Contrast media increase vascular endothelial permeability by inhibiting nitric-oxide production.

RATIONALE AND
OBJECTIVES: Contrast media induce adverse effects including edema of the face, glottis, or lung. The endothelial function is maintained by nitric oxide (NO). The present study was designed to elucidate the role of NO in mediating endothelium-related adverse effects of contrast media.
METHODS: Human microvascular endothelial cells grown on a Transwell membrane were incubated with iohexol or ioxaglate in the absence or presence of N(G)-monomethyl-L-arginine or sodium nitroprusside. After washing cells, the permeability of sodium fluorescein or Evans blue albumin and the accumulation of NO(2)(-) was examined.
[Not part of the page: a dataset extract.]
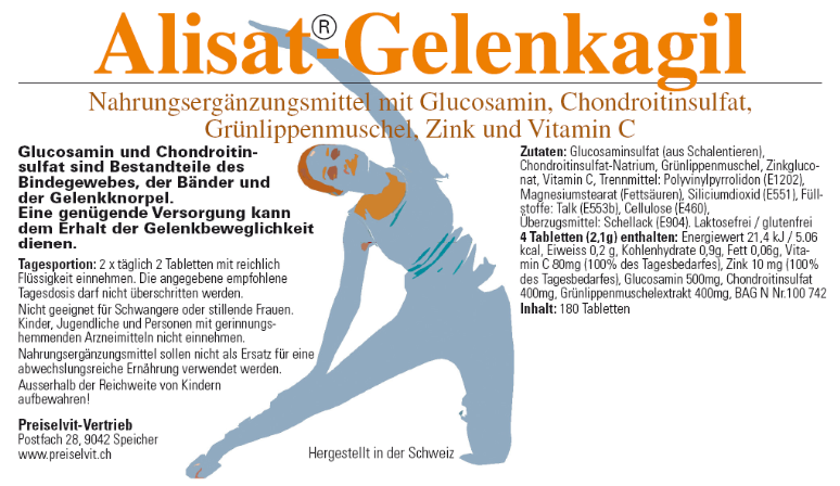 Eine Tagesportion von 2x2 Tabletten enthält: 500mg Glucosamin, 400mg Chondroitinsulfat, 10mg Zink und 80mg Vitamin C.

RESULTS: Contrast media (50-150 mgI/mL) dose-dependently increased the permeability coefficient by 30% to 230% and inhibited the formation of NO(2)(-) by 40% to 80%. Sodium nitroprusside and N(G)-monomethyl-L-arginine produced protective and aggravating effects on contrast media-increased permeability, respectively.
CONCLUSIONS: The present study suggested that contrast media increase vascular endothelial permeability by inhibiting NO production, leading to vascular endothelium-related adverse effects of contrast media.